Generations of fashion-striving students are often left with one question as graduation nears — “What now?”
The Sarabande Foundation, which was started by the late Lee Alexander McQueen, helped a few hundred industry hopefuls answer that question Tuesday at The Standard East Village in New York. Presenting its “What Now?” graduate mentorship program in the U.S. was a first for the organization, which has been offering artists and designers mentoring opportunities, scholarships and subsidized studio space for the past 10 years.
Trino Verkade, who helped McQueen establish Sarabande, said that 800 people had signed up and about 250 turned up. More than 1,000 interviews took place with 22 brands quizzing and advising students. Loewe, Thom Browne, Marc Jacobs, Celine, Khaite, Louis Vuitton, Art + Commerce, Tiffany & Co., Dior and the designer Maria Cornejo personally showed up. Thom Browne’s team was easily identifiable with them coordinating in gray and white-striped attire from his collection. Camaraderie was high with teams from one brand gamely guiding candidates to other companies, when they felt that the candidates would be better suited for others.
Others connected some with fellow fashion friends that they might work well with via LinkedIn.

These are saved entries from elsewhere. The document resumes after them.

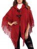 Fringed Hooded Horn Button Poncho Cardigan
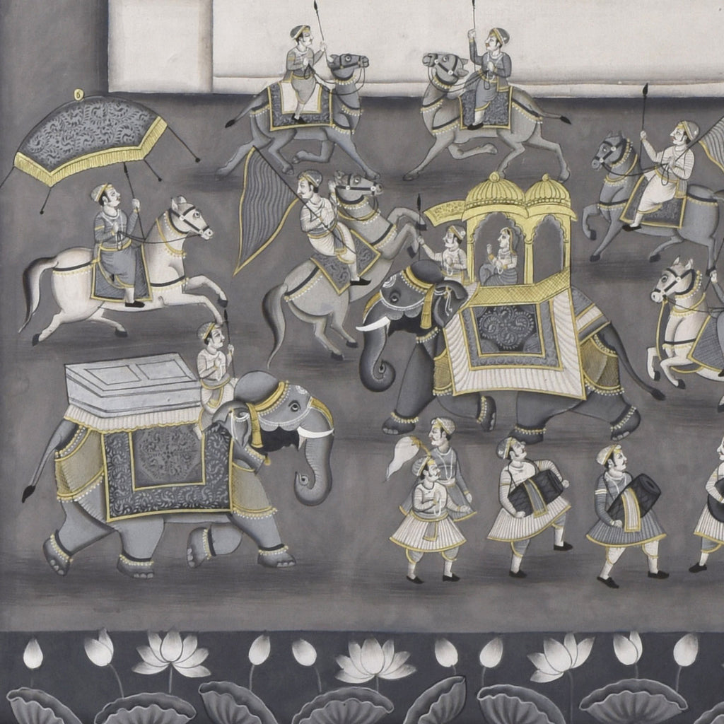 Pichwais are best framed with regular or non-reflective glass. Artworks should be displayed away from direct sunlight and breeze. To clean any accumulated dust, use a soft, dry brush or cloth very lightly on the glass surface or the frame. Make sure there is no moisture on the brush or cloth before cleaning the surface. Once a year, remove the artwork from the wall for a couple of days to let the wall breathe and avoid moisture accumulation. Minor discolouration over the years is normal and to be expected. -
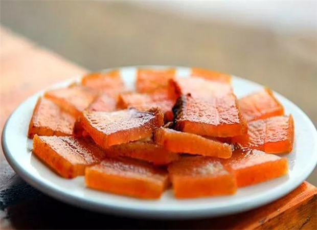 琵琶肉是一種用傳統(tǒng)腌制方法制作而成的肉品。具體方法是豬屠宰后將其內(nèi)臟和骨頭取出,保留完整軀體。待其稍涼后,撒入花椒面、草果面、食鹽等佐料及白酒,輕輕搓揉后,將其開口縫合,在縫線部涂敷上水或香油調(diào)好的灶灰,并用木塞或玉米芯把豬鼻塞嚴(yán),以防蟲蛀。然后用石板或木板壓上晾干,干后形似琵琶,故名“琵琶肉”。琵琶肉的制作歷史悠久,保存時(shí)間長,若不切開,三、四年不變味。琵琶肉肉色透明,色鮮味香,風(fēng)味獨(dú)特。
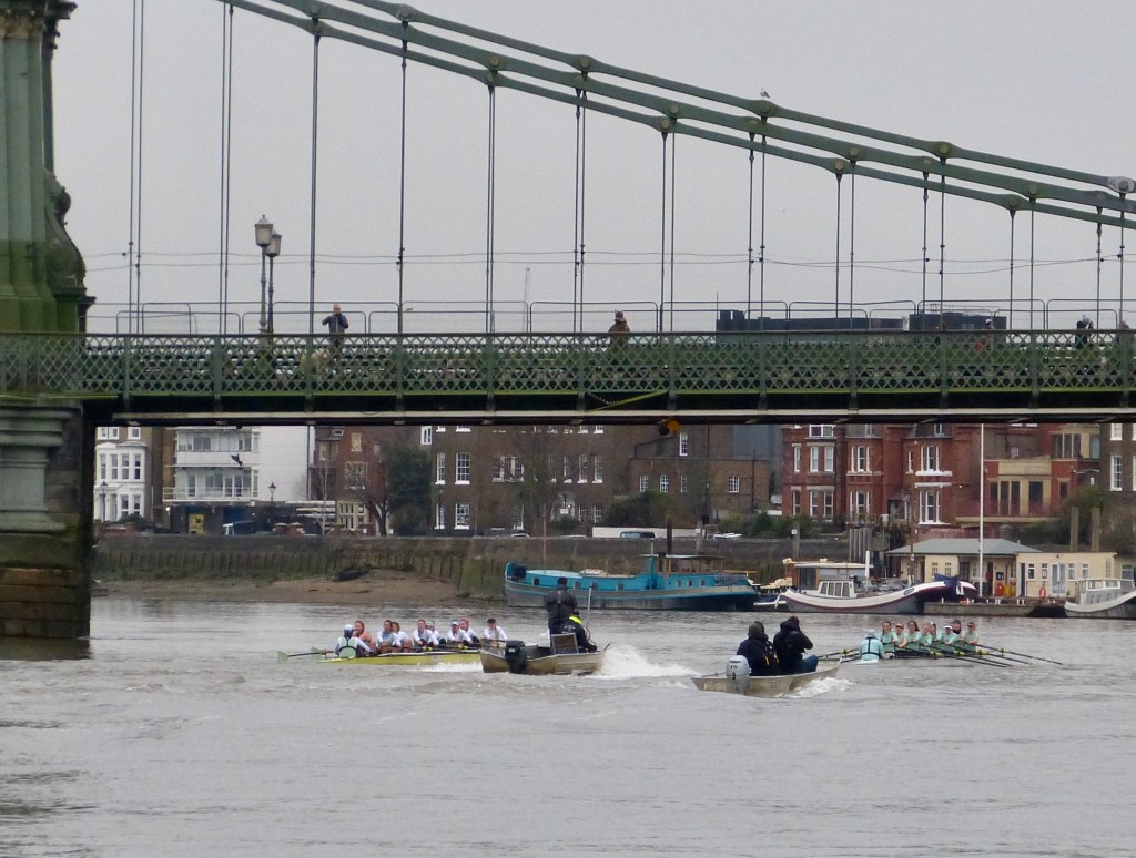 Along Fulham Reach. According to the Tweets up to that point, Woody led off the start but was warned by the umpire. At Barn Elms, Woody was 1/2 length up and had extended this to “almost a length” at the Mile Post. Picture: @theboatrace
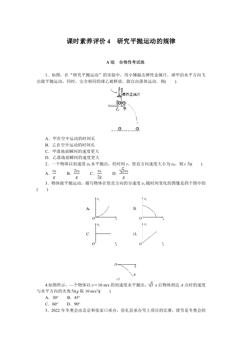 学生啦:课时素养评价4研究平抛运动的规律A组合格性考试练1.如图,在“研究平抛运动”的实验中,用小锤敲击弹性金属片,球甲沿水平方向飞出做平抛运动,同时,完全相同的球乙被释放,做自由落体运动。则()乙甲A.甲在空中运动的时间长B.乙在空中运动的时间长C.甲落地前瞬间的速度更大D.乙落地前瞬间的速度更大2.一个物体以初速度%水平抛出,经时间t,竖直方向速度大小为a,则t为()B.2D.2g2gg3.物体做平抛运动,描写物体在竖直方向的分速度随时间变化的图像是四个图中的4.如图所示,一个物体以v=10ms的初速度水平抛出,V5s后物体到达A点时的速度与水平方向的夹角为(g取10m/s2()A.30°B.45°C.60°D.90°5.2022年冬奥会由北京和张家▣承办,崇礼县承办香上项目的比赛,滑香是冬奥会的
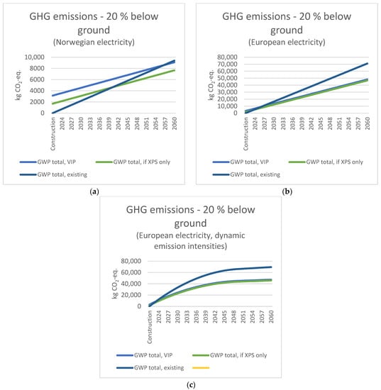 The previous figures show the accumulated carbon footprint over a period of 30 years. To understand how different methodological choices influence the results, it is useful to plot the results over time, as shown in Figure 7a–c. These figures show the carbon footprint payback time for the two alternative upgrades, for a scenario where 20% of the wall is below the ground. Figure 7 shows the results with Norwegian electricity mix. This choice of electricity mix has the longest payback period, with 18 years for the upgrade with only XPS and 35 years for the upgrade with VIP and XPS. Figure 7b shows the results with the European electricity mix, with a payback period of 2 and 4 years, respectively. Figure 7c shows the results with the European dynamic electricity mix. Here, the payback period is 1 year for both upgrade alternatives (ca. 6 months for only XPS and ca. 12 months for VIP and XPS). Choice of electricity mix significantly influences the results of the carbon footprint analysis.
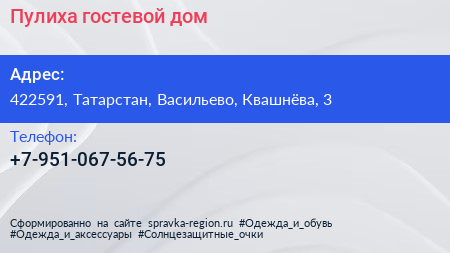 Пулиха, гостевой дом по адресу 422591, Татарстан, Васильево, Квашнёва, 3 в дальнейшем Организация, размещена в следующих категориях:
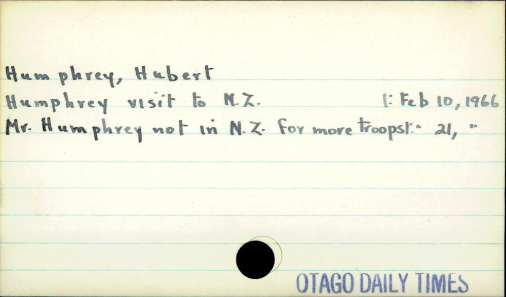Dunedin Public Libraries (23rd Jun 2020). Humphery, Hubert. In Website Dunedin Public Libraries. Retrieved 27th Mar 2026 07:15, from https://dunedin.recollect.co.nz/nodes/view/153481
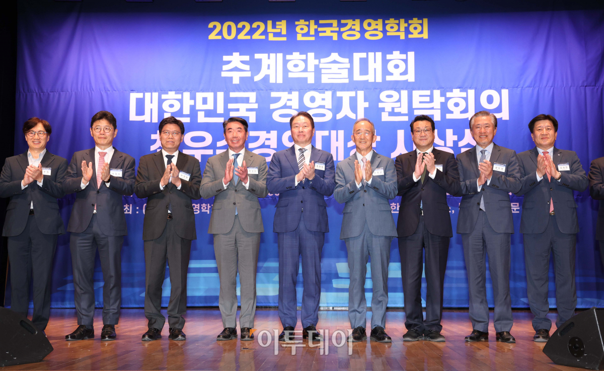 최태원 대한상공회의소 회장과 한상만 한국경영학회 회장 등이 17일 서울 중구 대한상공회의소에서 열린 ‘대한상의-한국경영학회 신기업가정신 확산 업무협약식’에서 기념촬영을 하고 있다.
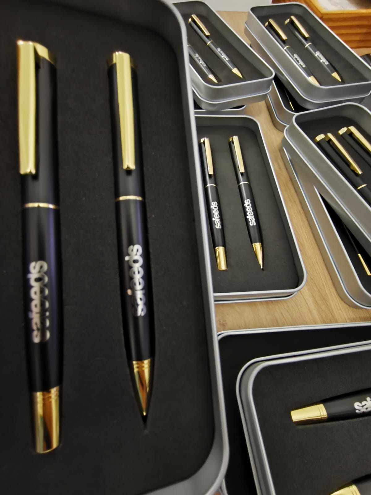 KIT CANETA PRETA E DOURADA
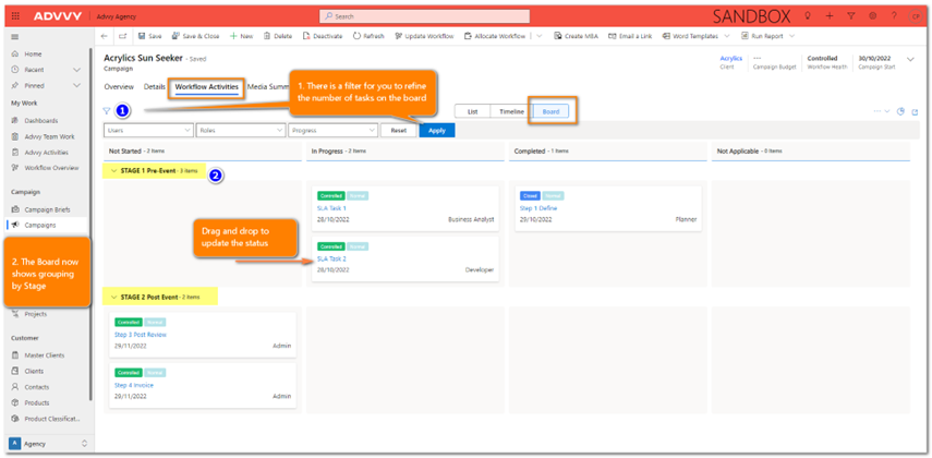 UPDATED Workflow Activity Kanban board – Features
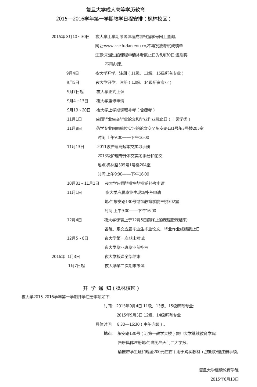 教学日程安排及开学通知

Recalling how McQueen’s career developed during a recession, Verkade said, “We’re just about hitting another moment of that again. That’s a time when people have less to lose because they don’t have that much around them. So they take risks. It’s also very exciting. A city like Detroit [which has a thriving maker, artist and start-up community] can afford to take risks because they don’t feel as though they have much to lose.
“We don’t need more of the same things. We don’t need people to think commercially with an I-know-this-is-going-to-sell-because-it-sold-before mindset,” she said.
Many of the students were honest about not knowing what they wanted to do, according to a few of the mentors. Ninety in total pitched in. All in all, the brands were impressed with the great portfolios that they saw, Verkade said. And the students were excited to share what they had made and were reassured by the encouragement that they had received from people “who don’t have skin in the game,” Verkade said.
Many were wide-eyed to learn about the range of career opportunities there are beyond design, including AI-related work and sustainability.
The newcomers to the industry, who offered career guidance, are relatable because they know the challenges. The human resources executives could highlight the wide range of jobs that are newer career paths including AI-related work, sustainability and digital fashion. Many companies sent representatives from new divisions in their companies. “A large part of this event was to really point out that things keep changing so quickly. There are new jobs that did not exist five years ago,” Verkade said. “Colleges are not equipped to be on top of these roles and to help people navigate what the industry is looking like now. That’s why it’s really important to get the brands here to say, ‘I need people who can do this right now,’ Verkade said. “It’s not as though they need everybody to be pattern cutters, but they may need somebody [to become] a pattern maker,” she added.
Brands are also not just interested in college degrees but they want to learn about candidates’ hard and soft skills, such as how they think and what their interests are, Verkade said. Candidates in technical design were particularly welcome.
Some students were directed to other opportunities, including one designer whose presentation was so well-packaged that they were advised to consider a career in marketing, Verkade said.
Tuesday’s free one-on-one event was a precursor to Wednesday night’s annual fundraising “Woven” dinner, where guests like Schiaparelli creative director Daniel Roseberry were expected in The Penthouse of The Standard, East Village. The event was being led by Aimee Mullins and Rupert Friend.
Louis Vuitton talent acquisition specialist Kevin Varela said he welcomed every participant and walked them through the universe of Louis Vuitton, all of the opportunities there, general career advice and roles they might want to pursue. A lot of students were interested in design, and some wanted to learn more about corporate posts in marketing, merchandising, communications and digital too, he said. Through “genuine conversations,” Varela said he spoke with attendees about ways to prepare for their future and how they can elevate their résumés, skill sets and portfolios.
There were also up-and-coming industry talent offering advice to the students. Lauren Zampaglione, assistant technical designer for handbags at Marc Jacobs, said as the day wore on, she became more direct in her advice, offering such tips as “Just take this out,” or “put this all on one page.” Having advised 50-plus people, Zampaglione joined Marc Jacobs in January after a few years of a long-term temp post at Kate Spade. Her main advice was: don’t water down your work and style. There’s a lot of pressure to be more commercialized and to try to cater your portfolio and your projects in college, to be more commercial. “For a long time, I was grappling with that. I felt like I had to water myself down because I needed to have a portfolio that is palatable to corporate brands,” Zampaglione said.
Several attendees Tuesday had conceptual work to share, but were concerned about who might want to hire them with that. Zampaglione assured them that such work stands out and “people want to know how you think and the conceptual aspect is so unique to you. You can’t duplicate that. When you interview with a brand, they want to know how you stand out,” she said.